Тогда история тоже вызвала громкий скандал, бурное обсуждение в свете, едкие насмешки. Говорят, что Лермонтов даже описал этот случай в поэме «Тамбовская казначейша». Но император Александр и церковь признали ее право на счастье, и она сделалась Разумовской. Поэтому графиня Марья никогда строго не судила девиц, захваченных сильным чувством.
– А как же августейшие особы отнеслись? – поинтересовалась Разумовская, пожевав губами.
– Мне говорила Леонтьева, вы ее, верно, знаете, она директриса Смольного, – охотно взялась пояснять Захаржевская, – будто императрица посетила мадемуазель Денисьеву и ее тетку. Она выказали им милость, откушав чаю в их присутствии, а потом, говорят, замолвила слово перед государем. Но все равно, это ее не спасло, я говорю о молодой Денисьевой, все дома ей отказали.
– Я тут слышала историю, – подхватила Салтыкова, – будто мадемуазель Денисьева приехала к Сологубам, а те не пустили ее на порог. Она сидела в коляске на солнцепеке, долго ждала, пока не явился слуга и не объявил ей, что господа не принимают.

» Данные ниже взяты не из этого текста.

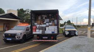 Após contato com a Polícia Federal, foi determinada a apreensão do caminhão e da carga, que serão encaminhados posteriormente à Delegacia da Receita Federal em Joaçaba.
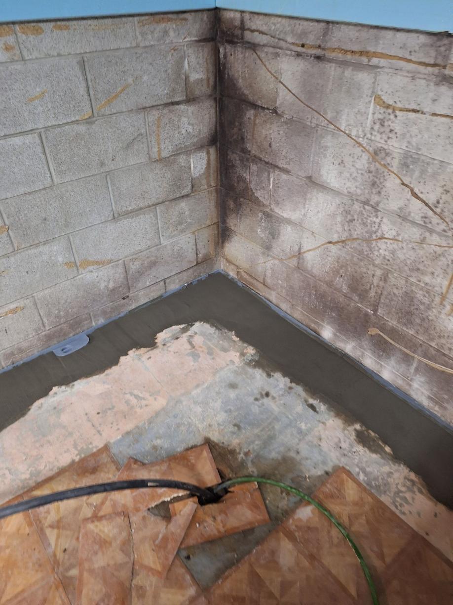 A TripleSafe sump pump was installed to help evacuate the water from the basement. This prevent water from standing in the space and keep the basement dry. A TripleSafe pump has two pumps that work to evacuate the water and a battery back up incase of power failure.

Салтыкова, словно это она отказала Денисьевой, засмеялась довольным смехом.
– Ну, Катенька, – по-старушечьи покачивая головой, произнесла Разумовская, – ты слишком строга к бедной девочке, она положительно не виновата, что полюбила. А вот Федор Иванович… Тютчев, как человек умудренный опытом, мог бы остудить ее пыл. Но, полагаю, мужское тщеславие довлеет над ним. Как же, заставил потерять голову неопытную молодую девицу! Денисьевой теперь остается только молиться о божьей милости, и о том, чтобы история эта скорее забылась. Только молиться!
– Вот пусть и молится! – резко бросила Захаржевская. – Ах, объявили польку-мазурку, сейчас будет так интересно!
Умиротворение
– Какой же ты беспомощный!
Сняв с него очки, Леля со смехом смотрела на лицо Тютчева. И вправду, перед ним предстала смутная, нечеткая картина мира: пятно вместо лица Лели, смазанные, расплывающиеся книги на полках, светлый ореол вокруг окна, смутные очертания стола с зеленым сукном. Но эта беспомощность не была тревожной или удручающей, она была приятной.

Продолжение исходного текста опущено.